Alyssa hadn’t come out of her room, and I’d also tried to lie down in bed to no avail. I’d even put in my earbuds and listened to some Coldplay songs in a desperate attempt to wind down, but even that hadn’t made me feel the slightest bit better.

Sighing, I shut one eye and held up my index finger to do something silly I used to do when I was a kid: trace imaginary lines between the stars to see if I could uncover some hidden symbol or letter there.

I drew a line between four points, four luminous stars, and the letter that emerged was an…N.

I froze with my arm suspended in midair, grimacing as I continued to stare up at the stars over my head where the giant N loomed.

What the hell?

“Perfect,” I groused, lowering my arm. “Now you’re showing up in the sky as well?” I muttered, as though I were actually talking to Neil.

No matter where he actually was, I always felt like he was somewhere nearby. Or maybe that was just my brain conjuring up unreal visions. Maybe I was just losing my mind. “I’m the hopeless case,” I muttered to myself, trying to think of some way out of this insane situation.

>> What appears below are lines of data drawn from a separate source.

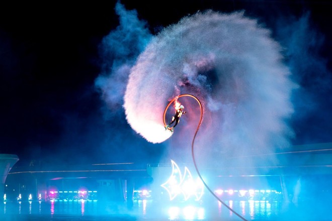 Twenty jetski racers will glide across the water, creating stunning light trails in the night, while eight flyboard athletes soar into the sky with breathtaking acrobatics. Three female jazzers will elegantly dance on the water in LED-lit costumes, appearing like ocean fairies. The dazzling fireworks display will illuminate the entire bay, promising an unprecedented spectacle in Cat Ba. "Symphony of Green Island" is set to launch on May 23, running for 30 minutes from 8:30 PM to 9:00 PM throughout the four summer months.
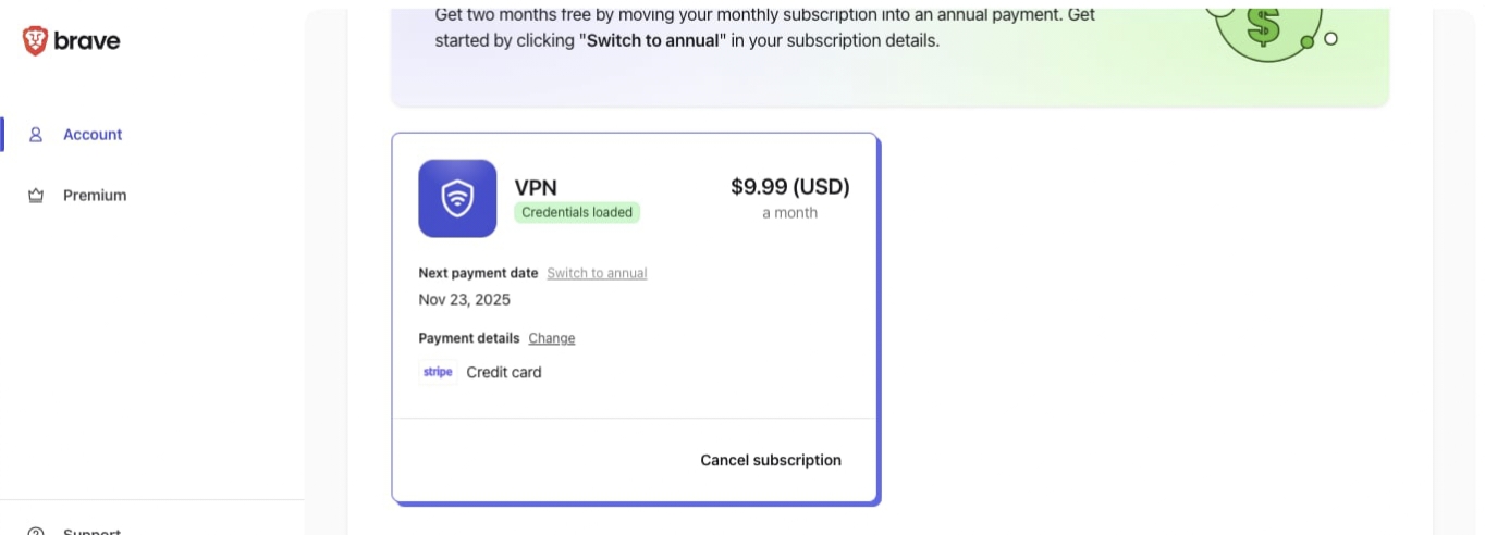 BIN BRAVE VPN + OTHER SUBSCRIPTION TRIAL ⚡ (1 Viewer)
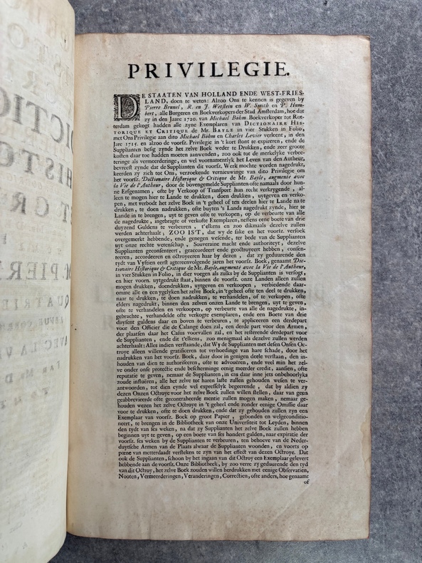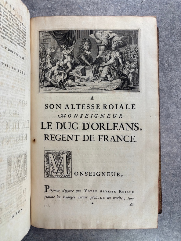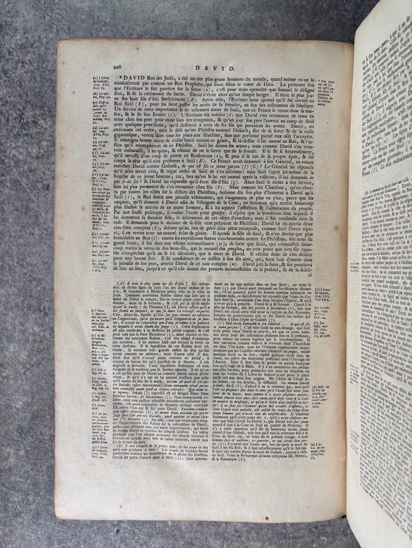 A AMSTERDAM. CHEZ P. BRUNEL, R. & J. WETSTEIN & G. SMITH. H. WAESBERGE, P. HUMBERT, F. HONORE. Z. CHATELAIN, & P. MORTIER. A LEIDE. CHEZ SAMUEL LUCHTMANS. 1730. 4 TOMES EN 4 FORTS VOLUMES IN-FOLIO (27 X 41 X 27,5 CENTIMETRES ENVIRON) DE (14) + CXVI + 719, (4) + 915, (4) + 831 ET (4) + 804 PAGES, RELIURE D'EPOQUE PLEIN VELIN IVOIRE, COUSUE A LA HOLLANDAISE, TITRE MANUSCRIT EN NOIR SUR DOS LISSE, TRANCHES ROUGES. ILLUSTRE D'UN GRAND FLEURON-VIGNETTE SUR LE TITRE, IMPRIME EN ROUGE ET EN NOIR, DESSINE PAR A. VAN DER WERFF, GRAVE PAR G. W. GOUWEN, REPETE DANS CHACUN DES 4 VOLUMES; D'UNE TRES BELLE VIGNETTE DESSINEE ET GRAVEE PAR B. PICART SUR LE FEUILLET DE DEDICACE AU DUC D'ORLEANS REGENT DE FRANCE. BIEN COMPLET DE LA DOUBLE LECON CONCERNANT DAVID ROI DES JUIFS, PAGES PAGES 253-255, PUIS 908-913 DU TOME SECOND. (BRUNET. I. 712). LE FEUILLET DE PRIVILEGE EST EN HOLLANDAIS. QUELQUES PETITS DEFAUTS EXTERIEURS, SINON BON EXEMPLAIRE.
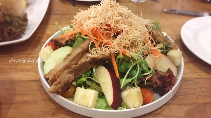 เมนูที่ 6 สลัดหมูย่างหมี่กรอบข้าวกล้อง หมูย่างนุ่มๆ กินคู่กับผลไม้แอปเปิ้ล สับปะรด มะเขือเทศ และขื้นช่ายฝรั่ง กินคู่กับหมี่ข้าวกล้องทอดกรอบ ทอดด้วยน้ำมันข้าวโพดไม่มีคอเรสเตอรอล ขอบอกเด็ดที่น้ำสลัดเพราะเป็นน้ำสลัดแบบแซ่บๆ สไตล์ไทยๆ คล้ายกับน้ำจิ้มแจ่ว
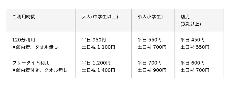レンタルアイテム:タオルセット330円、館内着330円、レンタル水着550円
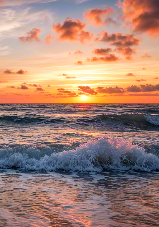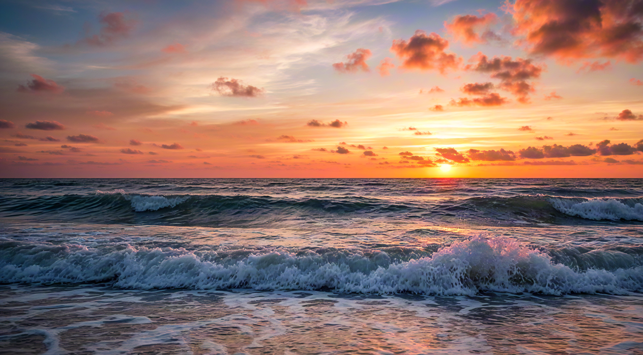 Scenic view of ocean waves rolling under a vibrant sunset sky
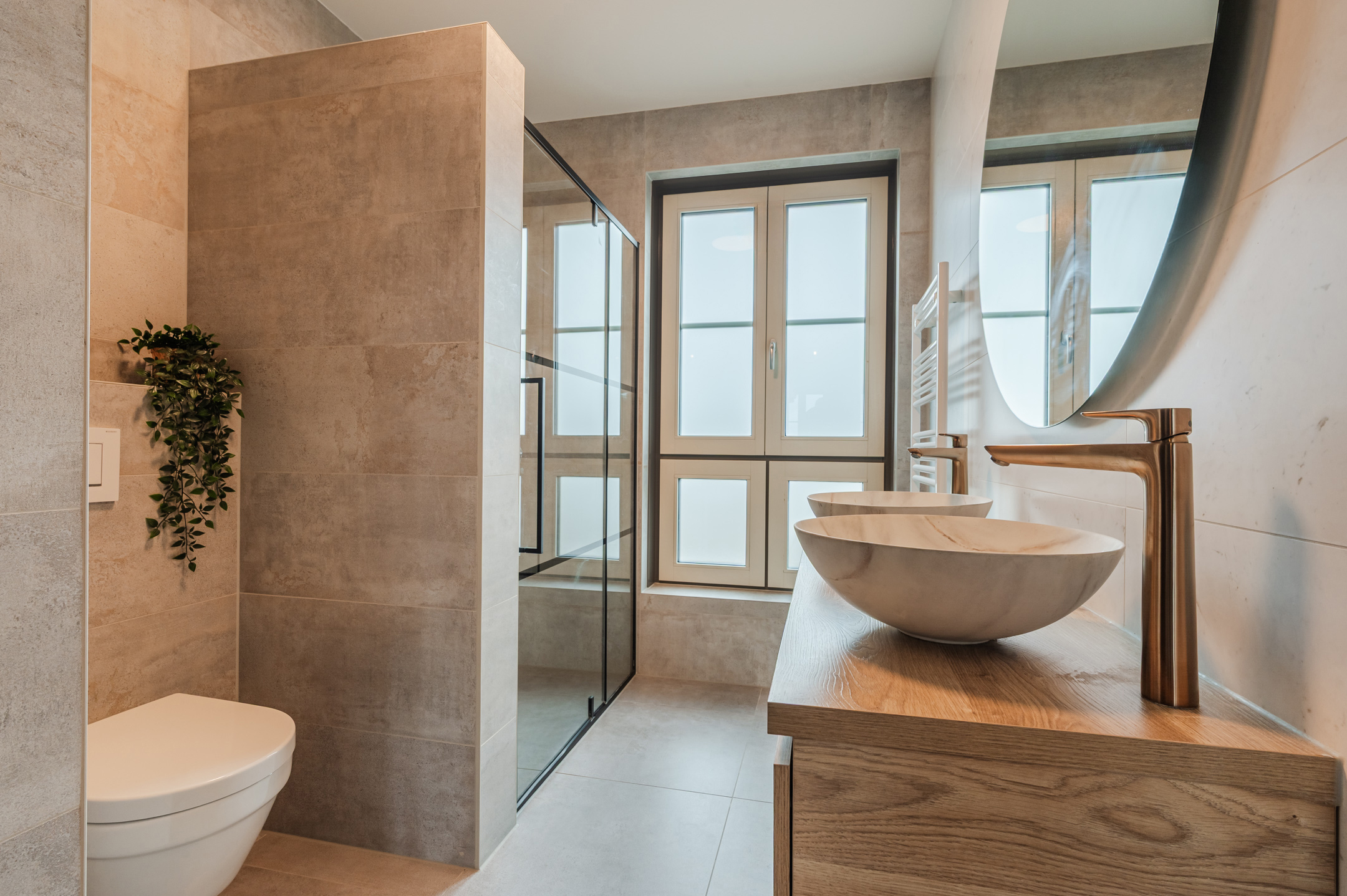 Eerste verdieping: via de nette trap bereikt u de overloop met toegang tot drie ruime slaapkamers. Alle kamers zijn voorzien van balansventilatie en ramen met karakteristieke vakverdeling. De badkamer is luxe afgewerkt met grote plavuizen en beschikt over een inloopdouche, dubbele wastafel en toilet.
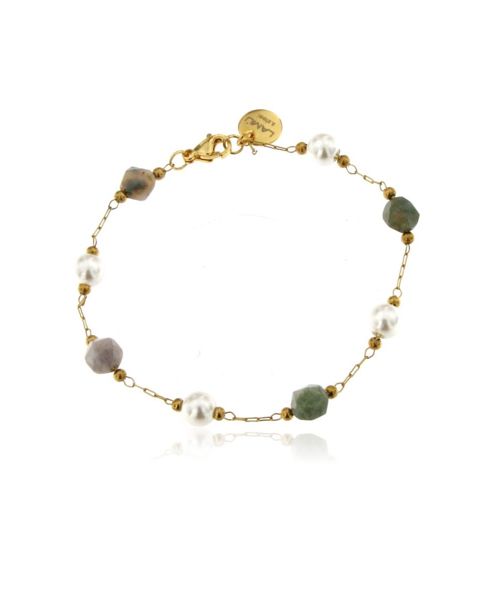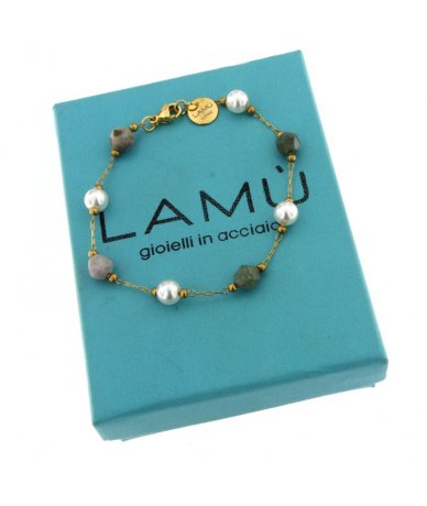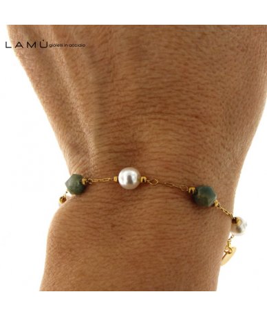 - Bracciale con perle e agata indiana in acciaio inox oro

It was clear, however, that there was no real solution except to fully detox from the man.

Neil had infected me with his golden eyes, his domineering personality, and his sly smile, and there was probably no fix for a problem that size.

I rubbed my forehead with one hand, feeling my scar from the accident under my fingers. I sighed heavily.

I wanted Neil to get out of my head. I wanted to forget all about him and about what Alyssa had told me, but that human disaster continued to occupy all my thoughts.

He simply refused to leave.

“What symbol did you find?” I gasped at the sound of my mother’s voice.

She stood in front of me with Anton Coleman at her side. She observed me with her usual affectionate expression—she knew me well enough to know exactly what I had been doing—while Anton frowned. He was probably wondering what I was doing sitting out on the porch in the cold in a pair of pink pajamas at least two sizes too big and a yellow comforter around my shoulders.

“I found a letter. Doesn’t matter which one…” I answered flatly, waving my hand. Mom didn’t like Neil, or, rather, she didn’t trust him, and so I tried not to bring him up with her. She would undoubtedly have forbidden me to see him if she found out all the things I’d gone out of my way not to tell her.

“Hi, Selene.” Anton smiled at me and pulled back the arm that he’d had wrapped around my mother’s waist. It was a quick, hesitant movement, like he was afraid of how I might react.

I’d known for a while that they were seeing each other, though my mother hadn’t made anything official. She kept telling me they were just getting to know each other, so I didn’t push her too much on it.